Production Checklist

Review the following items before deploying prompts to production.

Technique Selection: Have you chosen a technique matching the task complexity? Using ToT for simple tasks is wasteful
Example Quality: Are Few-shot examples diverse and accurate? Do they include edge cases?
CoT Usage: Are you inducing step-by-step thinking for tasks that require reasoning?
Output Format: Are you using JSON Mode or Function Calling for tasks needing structured output?
Cost Management: Have you estimated API costs and set budgets when using Self-Consistency or ToT?
Evaluation Pipeline: Do you have an automated evaluation system to measure the effect of prompt changes?
Guardrails: Are prompt injection defense and output validation logic implemented?
Version Control: Are prompts managed with Git with tracked change history?
Monitoring: Are you monitoring accuracy, latency, and cost in real-time?
Fallback Strategy: Do you have fallback strategies (simpler prompts, default values, etc.) for prompt failures?

Conclusion

Prompt engineering is not just about "asking good questions" -- it is an engineering discipline for systematically eliciting reasoning capabilities from LLMs. Inducing step-by-step reasoning with Chain-of-Thought, integrating external tools with ReAct, boosting reliability with Self-Consistency, and exploring complex problems with Tree of Thoughts -- understanding the principles of these techniques and applying them where they fit is the key.

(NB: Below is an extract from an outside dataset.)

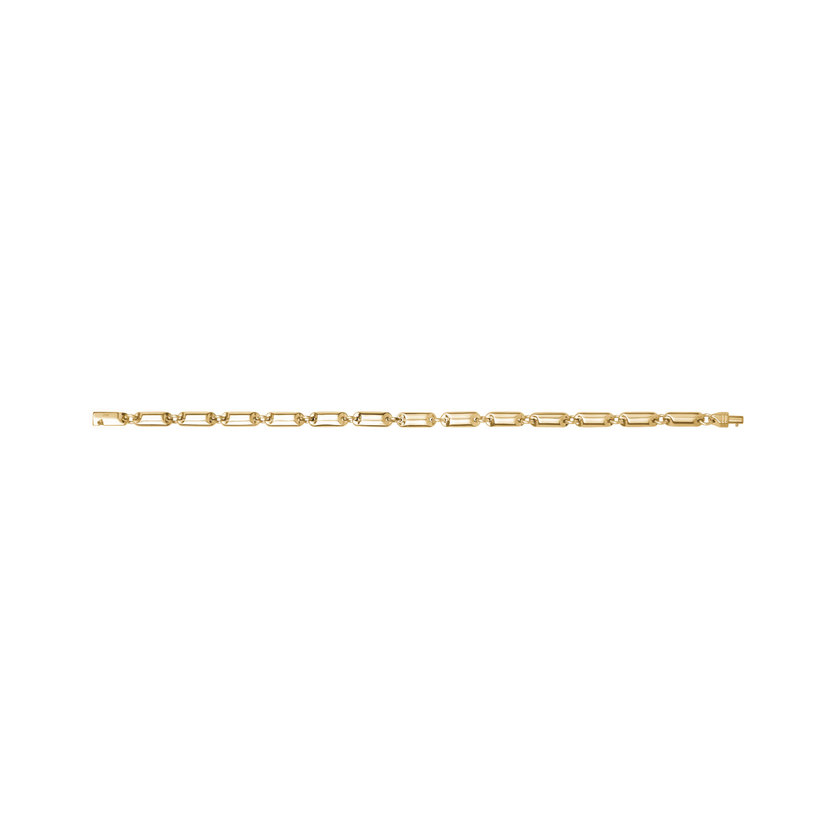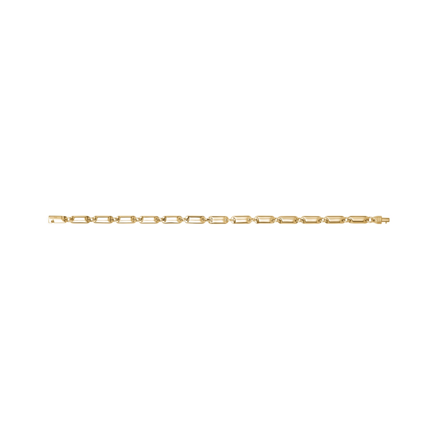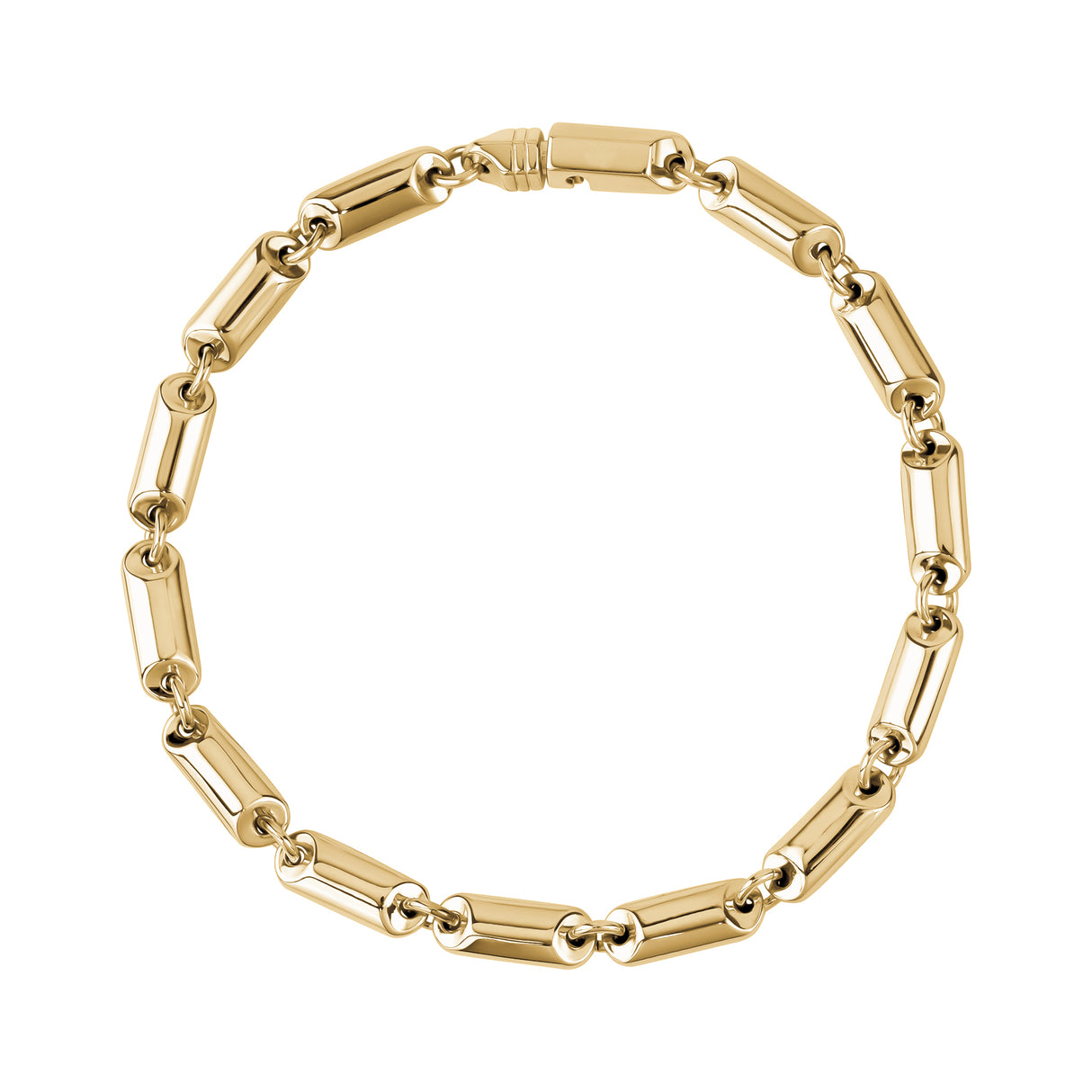 This solid link bracelet features full steel links 13mm x 5mm to create a modern yet timeless design. Perfect for stacking with other bracelets or wearing alone, its heavy weight ensures it stays securely in place. With simple yet sophisticated details, this bracelet will elevate any look.

While reasoning-native models like o1 and o3 are internalizing some of these techniques, the fundamental principles of prompt design and production management strategies remain essential. Managing prompts like code, ensuring quality with evaluation pipelines, and building a culture of continuous improvement are the keys to successful production LLM systems.